**Instructions to follow**
Write every line below out again, exactly as given, but leave out the pictures.
*** Opening of Data extract ***
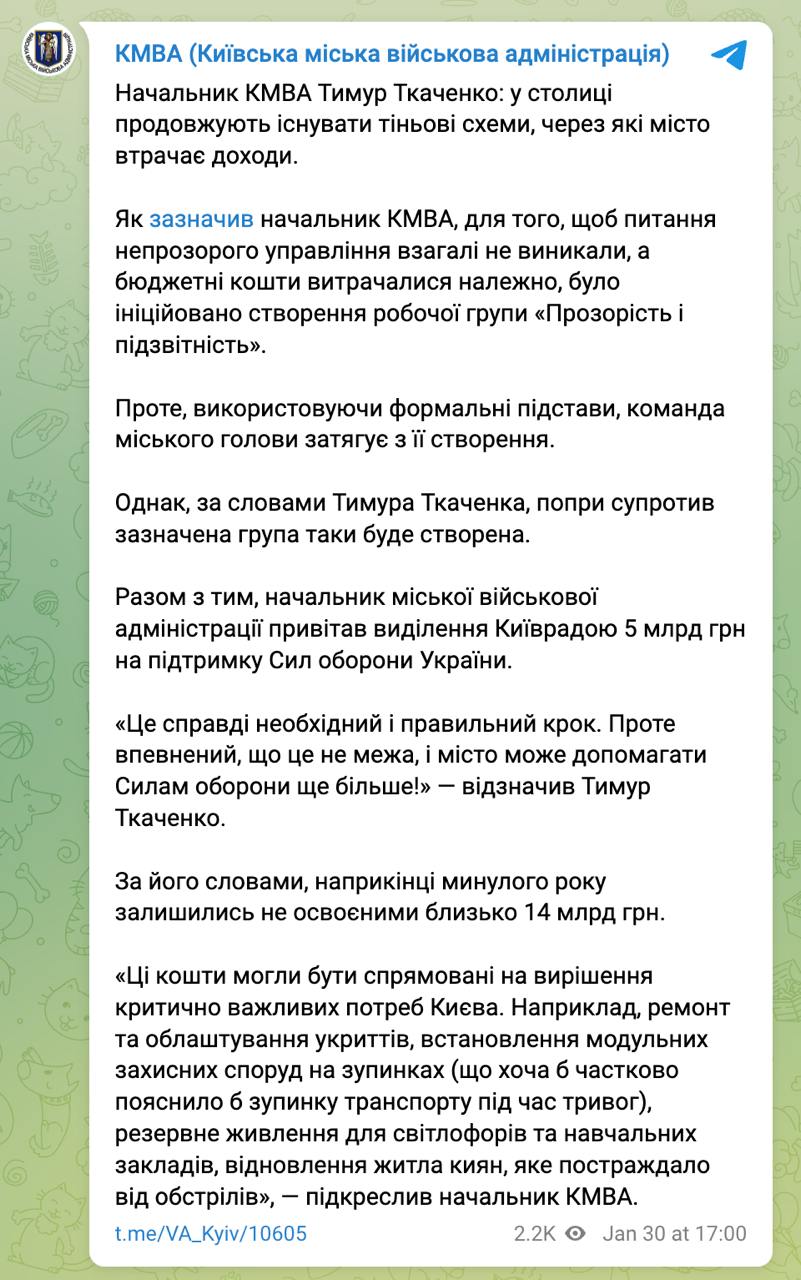 Также он упомянул выделение Киевсоветом 5 миллиардов гривен в поддержку Сил обороны Украины и намекнул, что столица могла бы дать военным больше.
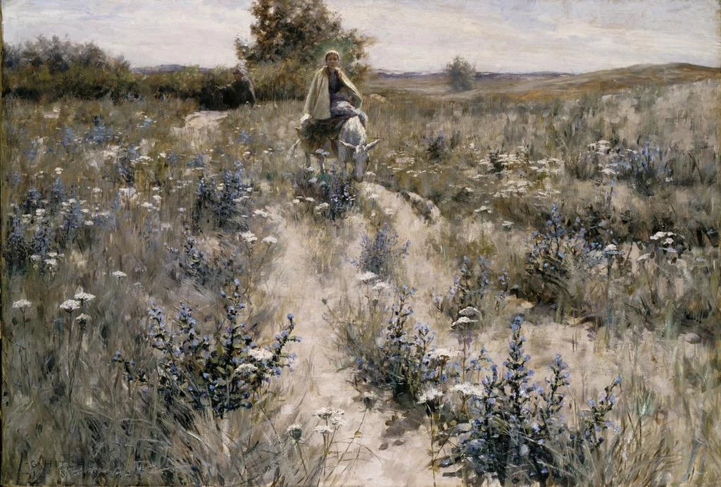 "The Flight into Egypt" by George Hitchcock is a work that evokes a moment of great spiritual and emotional intensity. The composition, rich in warm and earthy colors, depicts the Holy Family fleeing, seeking refuge and safety. The delicate details of the faces and clothing, as well as the subtle use of light, create an atmosphere filled with tenderness and melancholy. This canvas invites the viewer to reflect on the themes of protection and hope, while offering a poetic vision of the Holy Family's life.
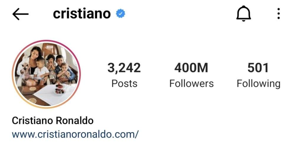 Portuguese professional footballer who plays as a forward for Premier League club Manchester United and captains the Portugal national team, Cristiano Ronaldo becomes the first person to reach 400m followers on Instagram.
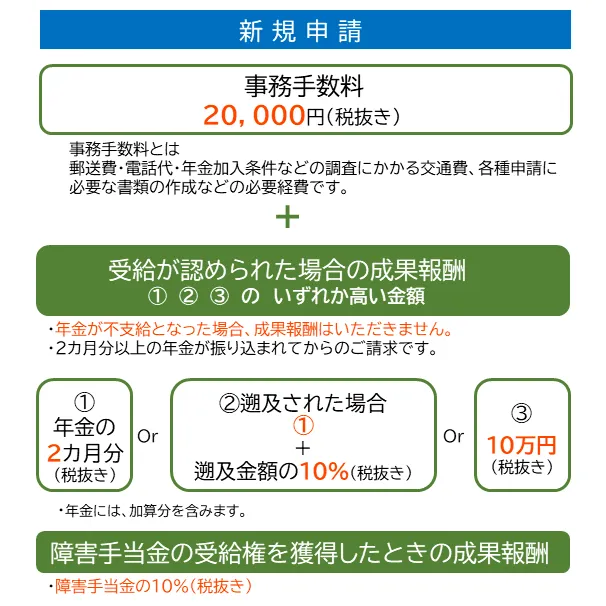 - 障害年金受給決定後に成果報酬をお支払いいただきます。
*** Close of Data extract ***
**Finished exercise**
 Также он упомянул выделение Киевсоветом 5 миллиардов гривен в поддержку Сил обороны Украины и намекнул, что столица могла бы дать военным больше.
 "The Flight into Egypt" by George Hitchcock is a work that evokes a moment of great spiritual and emotional intensity. The composition, rich in warm and earthy colors, depicts the Holy Family fleeing, seeking refuge and safety. The delicate details of the faces and clothing, as well as the subtle use of light, create an atmosphere filled with tenderness and melancholy. This canvas invites the viewer to reflect on the themes of protection and hope, while offering a poetic vision of the Holy Family's life.
 Portuguese professional footballer who plays as a forward for Premier League club Manchester United and captains the Portugal national team, Cristiano Ronaldo becomes the first person to reach 400m followers on Instagram.
 - 障害年金受給決定後に成果報酬をお支払いいただきます。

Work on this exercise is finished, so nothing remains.